▶ _DESCRIPTION OF THE TASK_
A faithful copy of all the data is required; pictures should not be included.
SOURCE INFORMATION Start Marker
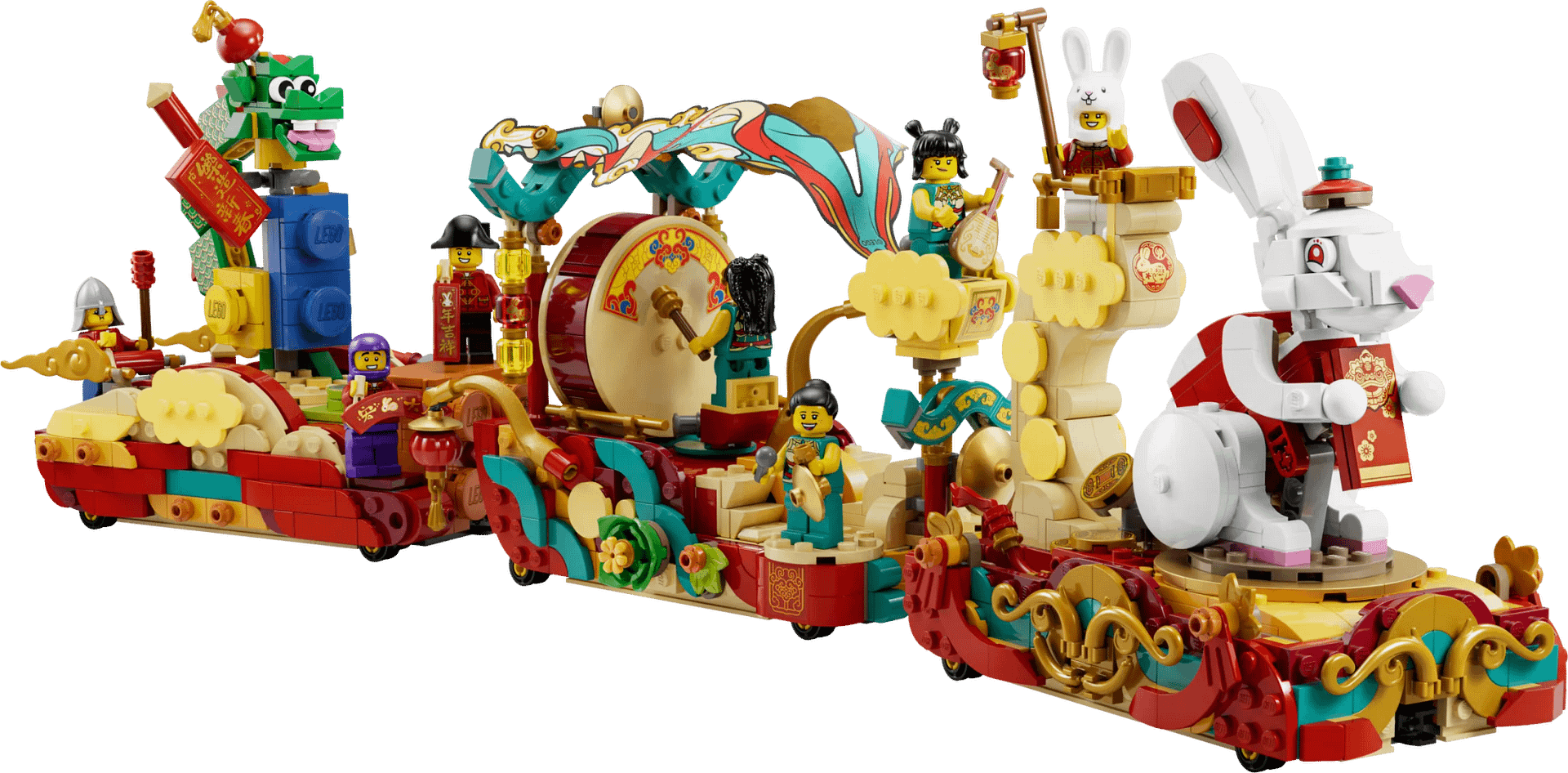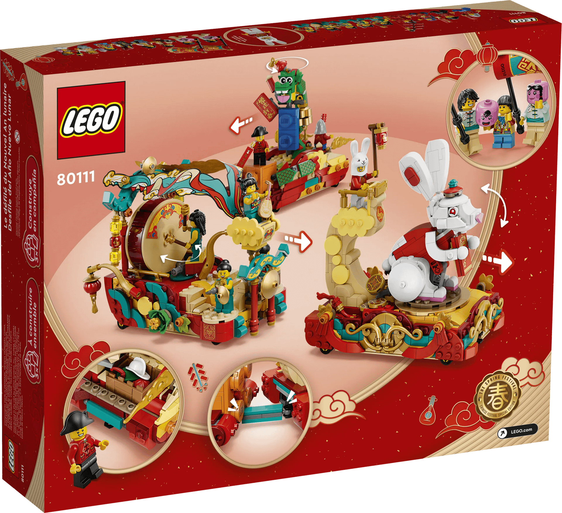 - Lunar New Year play-and-display set (80111) – LEGO® builders can recreate the joyous atmosphere of a traditional Lunar New Year Parade with this set featuring 3 colourful, connectible toy floats
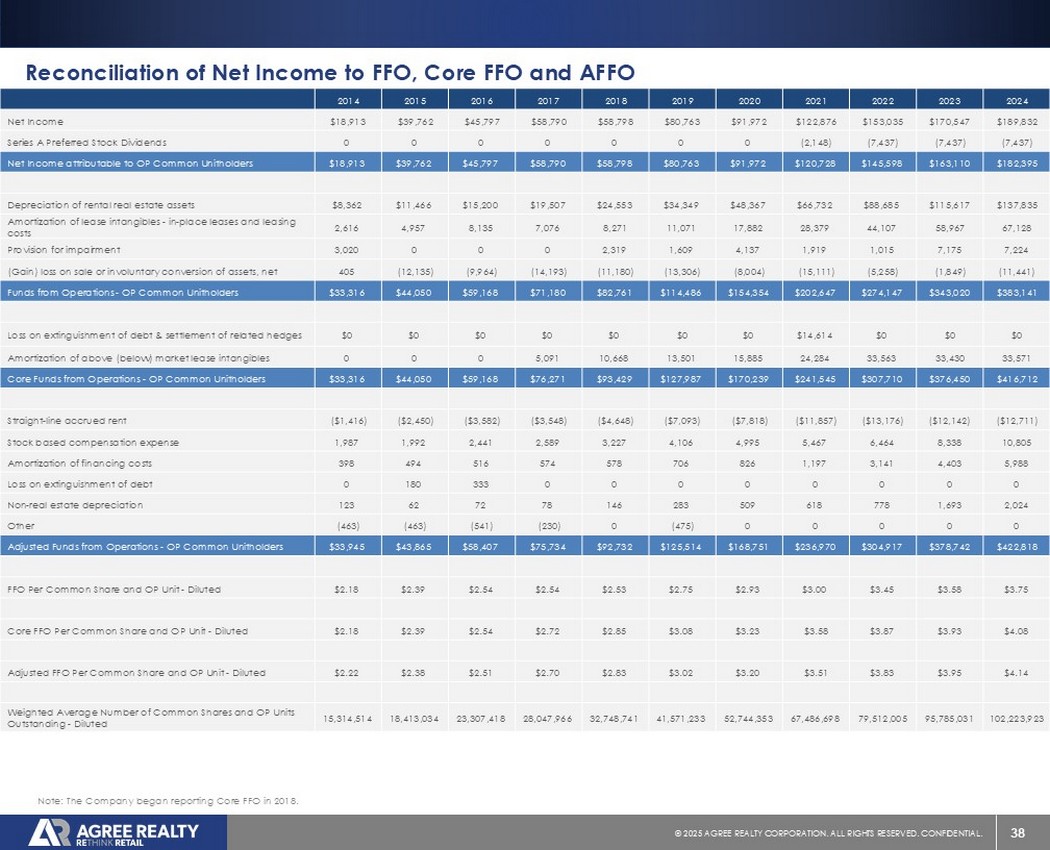 38©2025同意房地产公司。保留所有权利。机密。20242023202220212020201920182017201620152014 $ 189,832 $ 170,547 $ 153,035 $ 122,876 $ 91,972 $ 80,763 $ 58,798 $ 58,790 $ 45,797 $ 39,762 $ 18,913净收益(7,437)(7,437)(7,437)(2,148)0000000 A系列优先股股息$ 182,395 $ 163,110 $ 145,598 $ 120,728 $ 91,972 $ 80,763 $ 58,798 $ 58,790 $ 45,797 $ 39,762 $ 18,913归属于OP普通单位持有人的净利润$ 137,835 $ 115,617 $ 88,685 $ 66,732 $ 48,367 $ 34,349及租赁成本7,2247,1751,0151,9194,1371,6092,3190003,020减值准备(11,441)(1,849)(5,258)(15,111)(8,004)(13,306)(11,180)(14,193)(9,964)(12,135)405(收益)出售或非自愿转换资产的损失,净额383,141美元343,020美元274,147美元202,647美元154,354美元114,486美元82,761美元71,180美元59,168美元44,050美元33,316运营资金-运营共同单位持有人$ 0 $ 0 $ 0 $ 0 $ 0 $ 0 $ 0债务清偿损失和相关对冲结算33,57133,43033,56324,28415,88513,50110,6685,091000以上(以下)市场租赁无形资产摊销416,712美元376,450美元307,710美元241,545美元170,239美元127,987美元93,429美元76,271美元59,168美元44,050美元33,316核心运营资金-运营共同单位持有人(12,711美元)2,5892,4411,9921,987股票补偿费用5,9884,4033,1411,197826706578574516494398融资成本摊销00000000333180000债务清偿损失2,0 241,693778618509283146787262123非房地产折旧0000(475)0(230)(541)(463)(463)其他422,818美元378,742美元304,917美元236,970美元168,751美元125,514美元92,732美元75,734美元58,407美元43,865美元33,945调整后的运营资金-OP普通单位持有人3.75美元3.58美元3.45美元3.00美元2.93美元2.75美元2.53美元2.54美元普通股和OP单位-稀释后$ 4.08 $ 3.93 $ 3.87 $ 3.58 $ 3.23 $ 3.08 $ 2.85 $ 2.72 $ 2.54 $ 2.39 $ 2.18核心FFO每普通股和OP单位-稀释后$ 4.14 $ 3.95 $ 3.83 $ 3.51 $ 3.20 $ 3.02 $ 2.83 $ 2.70 $ 2.51 $ 2.38 $ 2.22调整后的FFO每普通股和OP单位-稀释后102,223,92395,785,03179,512,00567,486,69852,744,35341,571,23332,748,74128,047,96623,307,41818,413,03415,314,514已发行普通股和OP单位加权平均数-稀释后的净收入与FFO、核心FFO和
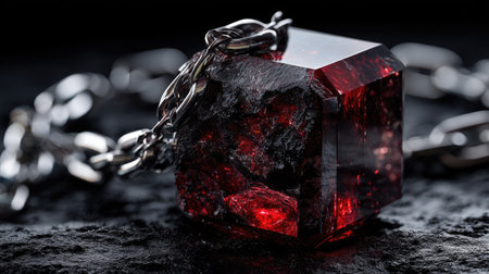 Captivating close-up of a vibrant red gemstone nestled among silver chain elements, showcasing intricate textures and reflections against a dark backdrop.
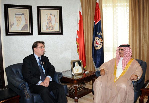 استقبل وزير الداخلية الفريق الركن الشيخ راشد بن عبدالله آل خليفة بمكتبه بديوان الوزارة، صباح اليوم الخميس (14 يونيو / حزيران 2012)، سفير المملكة المتحدة لدى مملكة البحرين إيان لنزي.
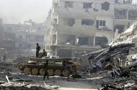 | Des forces syriennes dans une rue détruite du campa palestinien de Yarmouk repris au groupe jihadiste État islamique (EI), le 21 mai. |
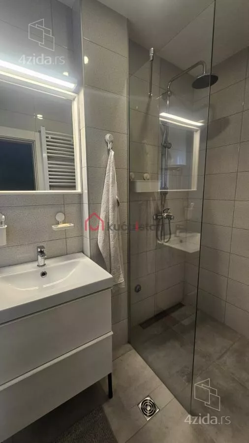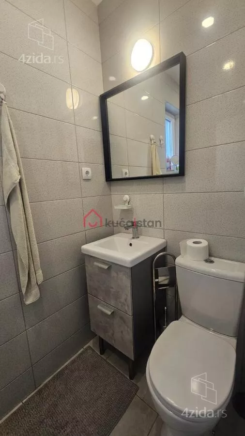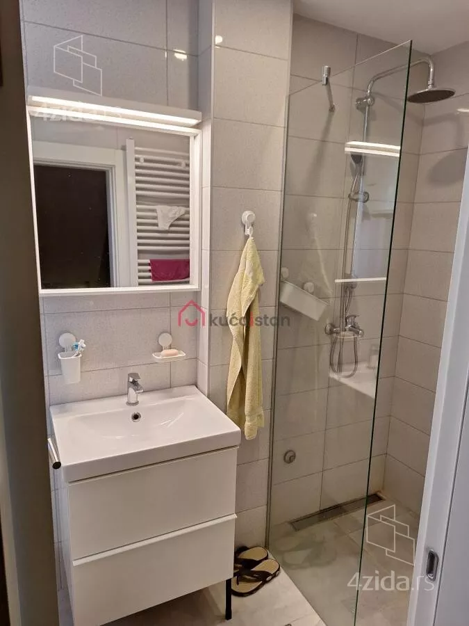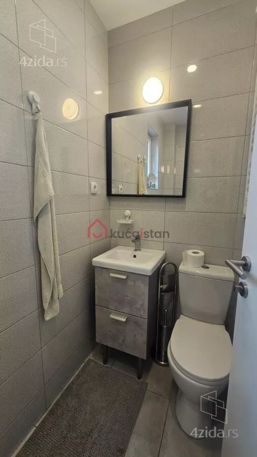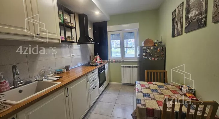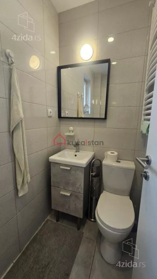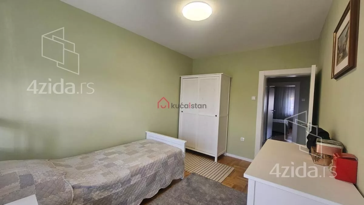 - Opremljenost: Namešteno - internet, interfon, TV, klima, veš mašina, sudo mašina, frižider, rerna, ležaj, plakar, kanalizacija
SOURCE INFORMATION End Marker
▶ _RESULT OF THIS EXERCISE_
 - Lunar New Year play-and-display set (80111) – LEGO® builders can recreate the joyous atmosphere of a traditional Lunar New Year Parade with this set featuring 3 colourful, connectible toy floats
 38©2025同意房地产公司。保留所有权利。机密。20242023202220212020201920182017201620152014 $ 189,832 $ 170,547 $ 153,035 $ 122,876 $ 91,972 $ 80,763 $ 58,798 $ 58,790 $ 45,797 $ 39,762 $ 18,913净收益(7,437)(7,437)(7,437)(2,148)0000000 A系列优先股股息$ 182,395 $ 163,110 $ 145,598 $ 120,728 $ 91,972 $ 80,763 $ 58,798 $ 58,790 $ 45,797 $ 39,762 $ 18,913归属于OP普通单位持有人的净利润$ 137,835 $ 115,617 $ 88,685 $ 66,732 $ 48,367 $ 34,349及租赁成本7,2247,1751,0151,9194,1371,6092,3190003,020减值准备(11,441)(1,849)(5,258)(15,111)(8,004)(13,306)(11,180)(14,193)(9,964)(12,135)405(收益)出售或非自愿转换资产的损失,净额383,141美元343,020美元274,147美元202,647美元154,354美元114,486美元82,761美元71,180美元59,168美元44,050美元33,316运营资金-运营共同单位持有人$ 0 $ 0 $ 0 $ 0 $ 0 $ 0 $ 0债务清偿损失和相关对冲结算33,57133,43033,56324,28415,88513,50110,6685,091000以上(以下)市场租赁无形资产摊销416,712美元376,450美元307,710美元241,545美元170,239美元127,987美元93,429美元76,271美元59,168美元44,050美元33,316核心运营资金-运营共同单位持有人(12,711美元)2,5892,4411,9921,987股票补偿费用5,9884,4033,1411,197826706578574516494398融资成本摊销00000000333180000债务清偿损失2,0 241,693778618509283146787262123非房地产折旧0000(475)0(230)(541)(463)(463)其他422,818美元378,742美元304,917美元236,970美元168,751美元125,514美元92,732美元75,734美元58,407美元43,865美元33,945调整后的运营资金-OP普通单位持有人3.75美元3.58美元3.45美元3.00美元2.93美元2.75美元2.53美元2.54美元普通股和OP单位-稀释后$ 4.08 $ 3.93 $ 3.87 $ 3.58 $ 3.23 $ 3.08 $ 2.85 $ 2.72 $ 2.54 $ 2.39 $ 2.18核心FFO每普通股和OP单位-稀释后$ 4.14 $ 3.95 $ 3.83 $ 3.51 $ 3.20 $ 3.02 $ 2.83 $ 2.70 $ 2.51 $ 2.38 $ 2.22调整后的FFO每普通股和OP单位-稀释后102,223,92395,785,03179,512,00567,486,69852,744,35341,571,23332,748,74128,047,96623,307,41818,413,03415,314,514已发行普通股和OP单位加权平均数-稀释后的净收入与FFO、核心FFO和
 Captivating close-up of a vibrant red gemstone nestled among silver chain elements, showcasing intricate textures and reflections against a dark backdrop.
 استقبل وزير الداخلية الفريق الركن الشيخ راشد بن عبدالله آل خليفة بمكتبه بديوان الوزارة، صباح اليوم الخميس (14 يونيو / حزيران 2012)، سفير المملكة المتحدة لدى مملكة البحرين إيان لنزي.
 | Des forces syriennes dans une rue détruite du campa palestinien de Yarmouk repris au groupe jihadiste État islamique (EI), le 21 mai. |
 - Opremljenost: Namešteno - internet, interfon, TV, klima, veš mašina, sudo mašina, frižider, rerna, ležaj, plakar, kanalizacija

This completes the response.